Выбрать главу

Образовалась ниточка, и поиск другого ее конца стал уж казаться Тебризу столь же бессмысленным, как прядение нитей из сыпучего песка. Удалось узнать, что в Константинополе в тот год, как умер Дмитрий Донской, на одном патриаршем пергаменте были по поводу смерти Митяя начертаны по-гречески такие слова: «Суд Божий следовал за ним по пятам». Это и в Москве ведомо было: «Все епископы, просвитеры и священники молили Бога, чтобы не был Митяй пастухом и митрополитом на Руси», а первоигумен Сергий еще до отъезда великокняжеского ставленника предрек: «Однако не видать Митяю Царьграда». Выходило, что смерть Митяя-Михаила была одинаково желательна и для хана Орды, и для русского духовенства, и для византийских правителей. Но чей именно головник его задушил или «морской водой уморил»? И наверное, был там не один убийца, а с сообщниками, потому что все дальнейшее сокрылось под некоей мистической завесой: будто бы море так сильно сразу взбунтовалось, что корабль, на борту которого был покойник, не смог идти в Царьград, хотя другие суда в это время «плавали мимо его семо и авамо», пришлось тело Митяя перегрузить в барку и на этой малой посудине-барке отвезти для погребения в Галату, где жили итальянские купцы. И это кому выгодно было: не в Царьграде на левом, греческом, берегу бухты Золотой Рог похоронить, а на латинском, правом? Кто столь искусно следы запутал и замел?

Вот тут-то случай Тебризу и подвернулся, хотя теперь, когда время прошло, не случаем уж ту нечаянную встречу он считал, а нароком.

В караван-сарае останавливаются на ночлег люди самые разноязыкие, но услышать здесь русскую речь можно было редко, потому что и купцы, и духовенство из Московии и других княжеств останавливаются в русской провинции, существующей в Солдайе с незапамятных времен, когда еще и город сам назывался по-русски Сурожем. Генуэзцы поставили на берегу моря каменную крепость, в год смерти Дмитрия Донского завершили строительство главной башни, прикрепив на ней геральдическую плиту, а русские рубленые избы с конями на крышах не тронули, они так и продолжали стоять рядом с угловой башней, где впадал в море ручеек пресной воды.

Русский, пришедший в караван-сарай и заинтересовавший Тебриза, выглядел очень усталым. За ним шагала в поводу еще более истомленная подседланная лошадь, передвигавшая ноги с видимым усилием, оводы кружили над ее потным крупом, а она даже и не отгоняла их хвостом. Тебриз заключил, что русский проделал путь трудный и столь поспешно, что загнал лошадь, а значит, могла быть тут какая-нибудь тайна или хотя бы некое полезное известие. Чутье не подвело его, а повод, чтобы сдружиться с неизвестным, нашел он без усилий:

— Благословен грядый во имя Господне, — произнес нараспев запомнившиеся ему слова литургии.

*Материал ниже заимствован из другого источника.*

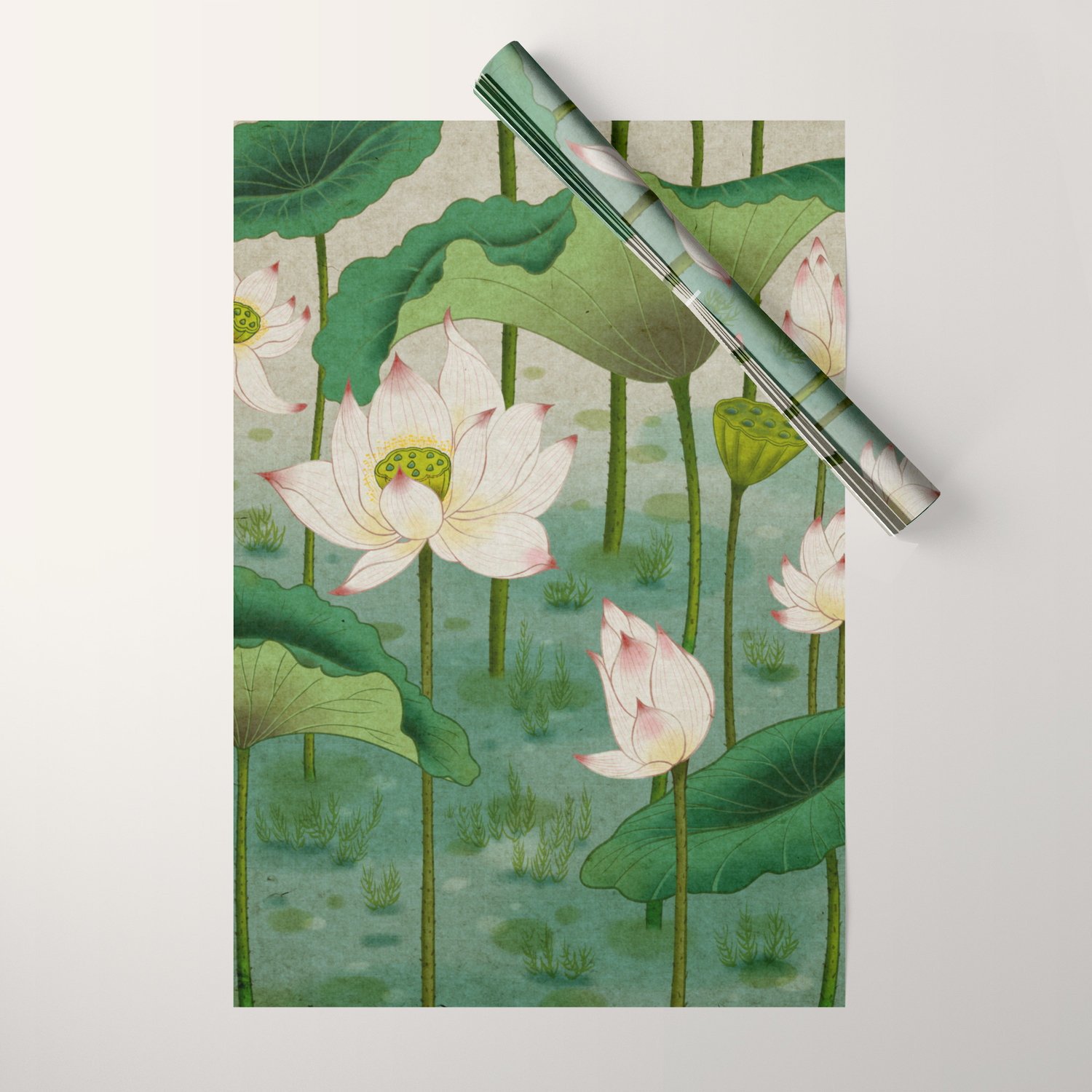 Lotus Flowers B Minhwa Korean Traditional Folk Art Wrapping Paper By Mins Illust Society6

На пропыленном лице путника родилась счастливая улыбка, он отозвался охотно:

— Господи Боже наш, седяй на Херувимех… — Добавил с горчинкой — На Руси сейчас вербу святой водой окропляют.

Тебриз и тут нашелся, сказал в лад:

— Да, не растет на Руси нашей финиковая пальма, ветками которой народ иудейский встретил Иисуса Христа за пять дней до его крестной смерти.

Так и сдружились, решили совместно поесть вербной каши по случаю большого праздника — входа Господа в Иерусалим. В караван-сарае оставаться не захотели: громкий разноязыкий говор, духота из-за очагов и жаровен, где готовилась жирная еда — горело на сковородах масло, скворчало сало, пахло тушеной бараниной, жареной рыбой.

Оба знали, что в удолье возле селения Биюк-Ламбат растет ореховое дерево, посаженное еще древними греками. Дерево выросло таким большим, что однажды, говорят, под ним укрывалось от дождя сто всадников. Владели им шестнадцать хозяев селения, у каждого свои определенные ветки. Тебриз и его новый знакомец, назвавшийся Кириллом, решили пойти к дереву-великану и потрапезовать под его сенью.

Когда проходили по дорожке, усыпанной белорозовыми лепестками отцветавшего иудиного дерева, Кирилл обронил:

— Ровно снег… А в Рязани небось взаправдашний еще не стаял.

— Рязанец, значит?

— Приходилось бывать там, — ответил Кирилл с какой-то искривленной улыбкой.

«Простота», — подумал про него Тебриз.